Брачная контора в Нью-Йорке

   С некоторыми японцами и американцами, что часто наведывались в мой магазин, со временем у меня завязалась крепкая дружба.
   Поскольку мою угловую лавку у кинотеатра Realty хорошо было видно (оттого она и получила прозвище «Аквариум с золотыми рыбками»), любопытство приводило туда многих людей, не только японцев.
   Многие молодые банковские служащие, начинающие врачи и новоиспеченные адвокаты были нашими посетителями. По воскресным дням мы часто с удовольствием вместе обедали у меня дома.
   В ту пору в Нью-Йорке было лишь три японских ресторана, очень дорогих, куда не могли пойти молодые люди. Поэтому я приглашала их на домашнюю стряпню, которая им очень нравилась.
   К «семейству Накамура» принадлежали Тиэко (изучавшая английский язык и литературу в бруклинском колледже), Фудзиэ (вышедшая замуж за американца немецкого происхождения и имевшая четырехлетнего сына), Хидэко (она работала в нью-йоркском отделении одного крупного японского банка), Фумико (ее муж был норвежцем) и Кае (которой, будучи разведенной, с дочкой на руках приходилось особенно трудно). Эта молодая женщина была склонна к депрессии, и мы старались как-то ее приободрить. К нашему кругу принадлежала также и госпожа Судо.
   Она преподавала икебану и была не замужем. Когда мы узнали, что ей уже сорок, то были поражены, так как все давали ей тридцать лет, не больше. Она была доброжелательной женщиной, отличалась неторопливостью в движениях, говорила спокойно, и поэтому молодежь всегда прислушивалась к ней.
   Возраст остальных колебался от двадцати до двадцати четырех лет. Хотя мужья их были иностранцами, у Фудзи был говор, характерный для острова Сикоку, у Суми — для о. Кюсю, у Фумико — для нижней части Токио, а у Кае — для города Осака.
   Они использовали мой магазин как место встречи, поскольку им так хотелось поболтать по-японски. За оживленной беседой мы порой забывали о делах.
   Доктор Исии, молодой врач, также часто присоединялся к нам. Из врачей, живших в общежитии по соседству с нами, он чаще всего заглядывал к нам.
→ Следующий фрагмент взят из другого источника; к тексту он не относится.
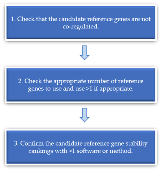 A good reference gene is one that is stably expressed under the experimental conditions being tested [19]. The Minimum Information for publication of Quantitative real-time PCR Experiments (MIQE) guidelines recommend using two or more validated reference genes to normalise gene expression data [19]. Using the geometric mean of multiple reference genes achieves high accuracy of normalisation, and is recommended over the arithmetic mean, as it better controls for differences in the amount of mRNA and outliers between genes [33]. When using multiple reference genes, it is also important to select genes that are not co-regulated, as co-regulated genes may lead to false positives as they lead to stable expression ratios [33]. Overall, inappropriate and/or insufficient reference genes can lead to the wrong interpretation of results, and reduce the reliability of experimental data [18,19]. Therefore, careful consideration should go into the selection of reference genes for RT-qPCR analysis.

Входя в магазин, доктор Исии неизменно звал: «Мама!», а для меня он был «мой сын, доктор».
   До него я уже была знакома со многими молодыми служащими банков и фирм, но ни к одному из них я не прикипела так душой.
   Все девушки доверительно величали молодого д-ра Исии «старший брат».
   Он был не особенно привлекателен внешне, но имел крепкое телосложение и своим мужественным видом внушал доверие, и я на него возлагала большие надежды.
   Сегодня, тридцать лет спустя, он стал кардиологом и профессором в одном американском университете. Иногда я навещаю его, а его жена или они вдвоем приходят ко мне. Как и прежде, несмотря на свой возраст, он называет меня нежно «мама». Это больше всего радует меня…
   Так как «старший брат» был врачом, то все чувствовали себя защищенными, так что не страшно было и захворать. Однако лишь одной из нас случилось быть больной.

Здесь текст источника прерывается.